If you prefer blocking evaluation (e.g. for final evaluation or simple
scripts), use :meth:`~Evaluator.evaluate`:

.. code-block:: python

    metrics = evaluator.evaluate(weights=train_policy, step=step)
    # metrics == {"eval/reward": -123.4, "eval/episode_length": 1000, "eval/fps": ...}

Asynchronous usage
------------------

For non-blocking evaluation during training:

.. code-block:: python

    # Start eval in the background
    evaluator.trigger_eval(weights=train_policy, step=step)

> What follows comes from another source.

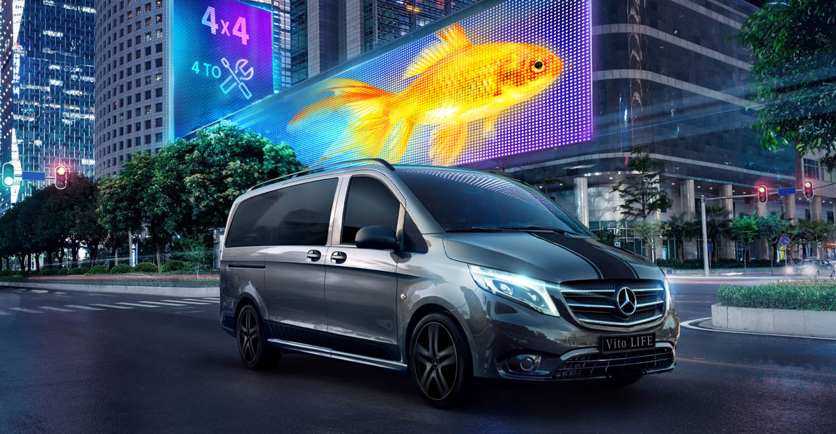Еще одной новинкой «Комтранса 2019» от Mercedes-Benz станет полноприводный микроавтобус Vito Life со 190-сильным дизелем. От стандартного Vito автомобиль внешне отличается эффектной оклейкой, функциональными накладками на пороги, 19-дюймовыми колесными дисками в стандартной комплектации. В списке штатного оснащения также – климат-контроль Thermotronik, две сдвижные двери с электроприводом, автомагнитола Audio 15, рейлинги на крыше, система освещения ILS.

    # ... continue training ...

    # Check if results are ready (non-blocking)
    result = evaluator.poll()          # returns None if still running

    # Or block until done
    result = evaluator.wait(timeout=60)

By default, :meth:`~Evaluator.trigger_eval` raises if a previous evaluation is
still pending. Set ``busy_policy="queue"`` to enqueue later requests instead.

Device placement and compilation
--------------------------------

For best performance, place the eval policy on a **dedicated device** and
optionally ``torch.compile`` both the env and policy independently of the
training pipeline:

.. code-block:: python

    import torch

    eval_device = torch.device("cuda:1")  # training on cuda:0

    eval_policy = make_policy().to(eval_device)
    eval_env = make_env(device=eval_device)

    # Optional: compile for extra speed
    eval_policy = torch.compile(eval_policy)

    evaluator = Evaluator(
        eval_env,
        eval_policy,
        max_steps=1000,
        device=eval_device,
    )

The ``device`` parameter controls where policy weights are moved before
each rollout.  When passing weights from the training policy (which may
live on a different device), the Evaluator automatically moves them to
the eval device.

Overlap policy (backpressure)
-----------------------------

Calling :meth:`~Evaluator.trigger_eval` while a previous evaluation is
still pending raises immediately by default (``busy_policy="error"``).
This keeps training loops from silently piling up stale evaluation requests.

If you prefer to enqueue evaluations, pass ``busy_policy="queue"``.
Queued requests are processed in order as earlier evaluations finish.

Result callbacks
----------------

Pass ``on_result`` to react to completed evaluations without manual
``poll()`` bookkeeping:

.. code-block:: python

    def on_eval(result):
        metrics = {k: v.item() for k, v in result.items() if k != "eval/step"}
        if metrics["eval/reward"] > best_reward:
            save_checkpoint(step=result["eval/step"].item())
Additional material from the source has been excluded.